For the command-line-only version, you'll just need the ability to compile and run C code.

For the R version without helper and plotting functions, you'll need R and the Rcpp library.

For those helper and plotting functions, you'll need R with these libraries for full functionality: Rcpp, ggplot2, ggpubr, ggraph, ggwordcloud, igraph, stringr, stringdist, phangorn, phytools, ggtree, parallel.

The command-line data curation with tuberculosis evolution needs Python with ETE3, though (as described below) this can also be done in R.

Setting up and running

This repo contains code to run HyperTraPS and its variants either from the command line or via R. First, pull the repo down and set the working directory to its root. For command-line work, compile the hypertraps.c source code, with (for example):

gcc -o3 hypertraps.c -lm -o hypertraps.ce

This will produce the executable hypertraps.ce (you can of course name it whatever you like), which can then be run from the command line with various arguments below.
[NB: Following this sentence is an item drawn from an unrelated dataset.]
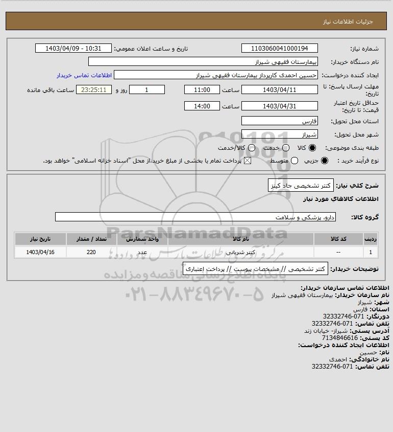 توضیحات خریدار:کتتر تشخیصی // مشخصات پیوست // پرداخت اعتباری

For R work, you can load just the inference code using Rcpp alone with

library(Rcpp)
sourceCpp("hypertraps-r.cpp")

or, to attach some useful helper and plotting functions (which depend on more libraries), you can use

source("hypertraps.R")

The core function in R is then HyperTraPS which can then be run from the R console with various arguments below.

Input

HyperTraPS deals fundamentally with transitions between states labelled by binary strings. This allows us to work with cross-sectional, longitudinally, and phylogenetically-coupled samples.

The fundamental data element that goes into HyperTraPS is an observed transition from a "before" state to an "after" state. In the case of cross-sectional data, the "before" state is assumed to be the state of all zeroes (0000...), corresponding to a state which has not acquired any features. For longitudinal and/or phylogenetic observations, "before" and "after" states must be specified.
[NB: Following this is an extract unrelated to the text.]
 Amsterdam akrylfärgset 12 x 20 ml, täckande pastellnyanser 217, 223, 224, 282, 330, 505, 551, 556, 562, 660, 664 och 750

HyperTraPS requires at least a matrix describing "after" states -- this is a required argument. In R, it is passed as a matrix; at the command line, it is passed as a file.

If a matrix supplying "before" states is absent, the data are assumed to be cross-sectional. For example, the matrix

0 0 1
0 1 1

would reflect cross-sectional observations of states 001 and 011, implicitly corresponding to transitions 000->001 and 000->011.

A matrix of "before" states may be specified as a matrix in R or a file at the command line, using initialstates. For example, including the initial states

0 0 1
0 0 1

with the above observations would now reflect the transitions 001->001 (i.e. remaining in state 001) and 001->011.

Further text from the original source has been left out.